Whether public or private, having the fiber optic cable wired to everyone’s house and business is vital, but not the only part of the picture. Education about how the internet can be used to do work and provide for a family is the next, equally important step. Many of the young adults I know in our area are finding ways to start business or hold jobs based in far-away cities because of high speed internet. If those connections were universal and could be advertised as such, we might be able to attract new young families and some of the people who left. All of this is possible, and – for the impact – far less expensive than a billion dollar, publicly financed “jobs, jobs, jobs” project.

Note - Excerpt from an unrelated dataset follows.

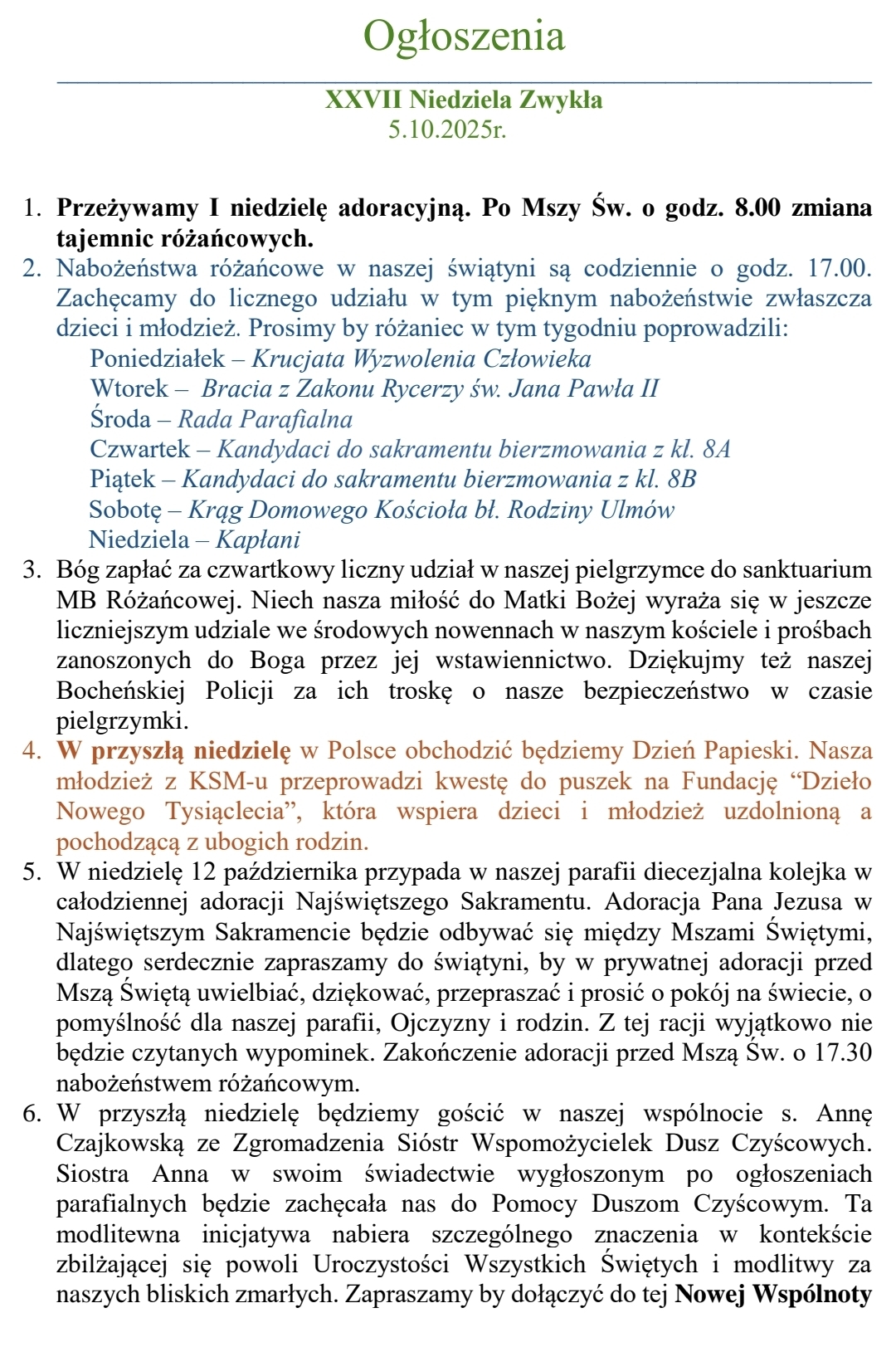 XXVII Niedziela Zwykła

Well, I just took a break to eat dinner, go swimming with the kids and build a perpetual motion machine. I see that my upload is complete. I sure hope the next one goes faster. That sure would be a lot more productive and profitable for me, and others. The future of the Iron Range is only partly tied to its past. Today’s mining opportunities are great, but only a concerted effort to create a blended, globally connected economy will create the true prosperity and growth the Iron Range so desperately needs.

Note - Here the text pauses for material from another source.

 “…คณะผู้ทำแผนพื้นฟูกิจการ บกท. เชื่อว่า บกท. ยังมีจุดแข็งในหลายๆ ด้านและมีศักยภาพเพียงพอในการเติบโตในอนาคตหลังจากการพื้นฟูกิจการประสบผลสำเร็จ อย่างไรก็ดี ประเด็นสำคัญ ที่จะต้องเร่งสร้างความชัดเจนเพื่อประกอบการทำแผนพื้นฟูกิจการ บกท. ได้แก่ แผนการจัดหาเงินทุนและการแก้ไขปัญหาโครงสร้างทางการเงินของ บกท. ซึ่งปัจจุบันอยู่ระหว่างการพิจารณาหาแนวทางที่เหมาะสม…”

Aaron J. Brown is an Iron Range writer, blogger and an instructor at Hibbing Community College. Read more at or in his book “Overburden: Modern Life on the Iron Range.”

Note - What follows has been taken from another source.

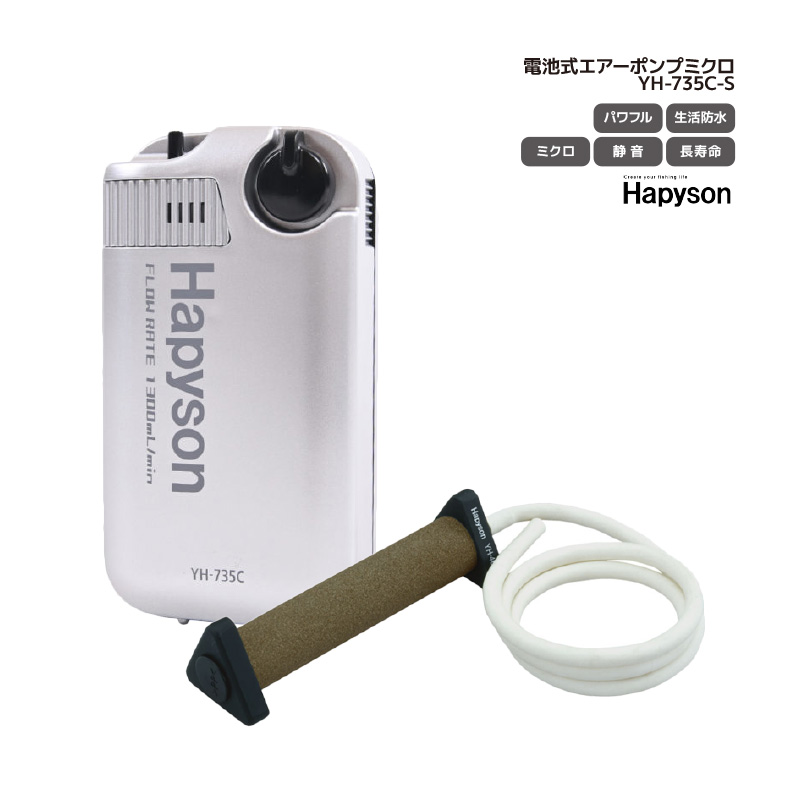 電池式 エアーポンプミクロ METALLIC COLOR YH-735C-S Hapyson 山田電機工業 釣り フィッシング

  1. Agree. I’m still on dial up because: I’m too stubborn to pay about $250 to set up and then 4X as much per month when I’m only 1.5 miles from the Qwest local hub, yet they won’t come down my road. Yet my summer-only friends who have water access only at the lake get DSL. I hear that there is a Qwest executive who has a lake place. My other choice is Access Minnesota, which is supposed to be good. I know the local technician. BUT Access Mn doesn’t answer their emails which I’ve sent three times asking them to contact me so I can subscribe to their service. I even told the tech guy, but still no response. So, should I really chase them so I can pay them $250 + $60/month? I figure if that is the kind of service I get when I want to buy their service, what will happen when I have a problem and need help.
    So I have dial up, with an accelerator, which makes it tolerable. Really.

  2. Wah, wah, wah….cry me a river..

  3. It’s like electricity in the 30’s and 40’s. Us folks in the sticks need cooperatives to get it. Only the spirit of the cooperative seems to be almost a ghost. Excuse me while I go beat back the goats from the house…..

  4. Unfortunately, you might be more likely to complete the perpetual motion machine than get high-speed Internet so long as state policy is non-existent (except an easy-to-pass “goal” without any thoughts on how to achieve it) and federal policy is predicated on big companies like Qwest making the rules. A coop would be a good idea – as would an approach like Wired West in rural MA. No matter what, communities must find ways of getting a network that puts their needs ahead of short-term corporate profits.

  5. Well stated Steve….Co-ops in the past were successfully led by local citizens, business leaders or politicians.

    With businesses no longer being respected on the being the bad guys, they have little interest in stepping up like in the past. It’s up to the local citizens and Anzelc. Where are they?

  6. Anon, we’ve been over this several times on other threads. Clearly you have an ax to grind with me and/or Anzelc (because you know I run his campaigns). Send me an e-mail or identify yourself and your specific concerns. How are Range businesses being “disrespected?” Why wouldn’t it be in their best financial interests to invest in a money making technology for the future? I don’t think businesspeople are so sensitive that they need ass kissing from a state lawmaker to function. I know they like ass kissing, but it’s not the same as oxygen.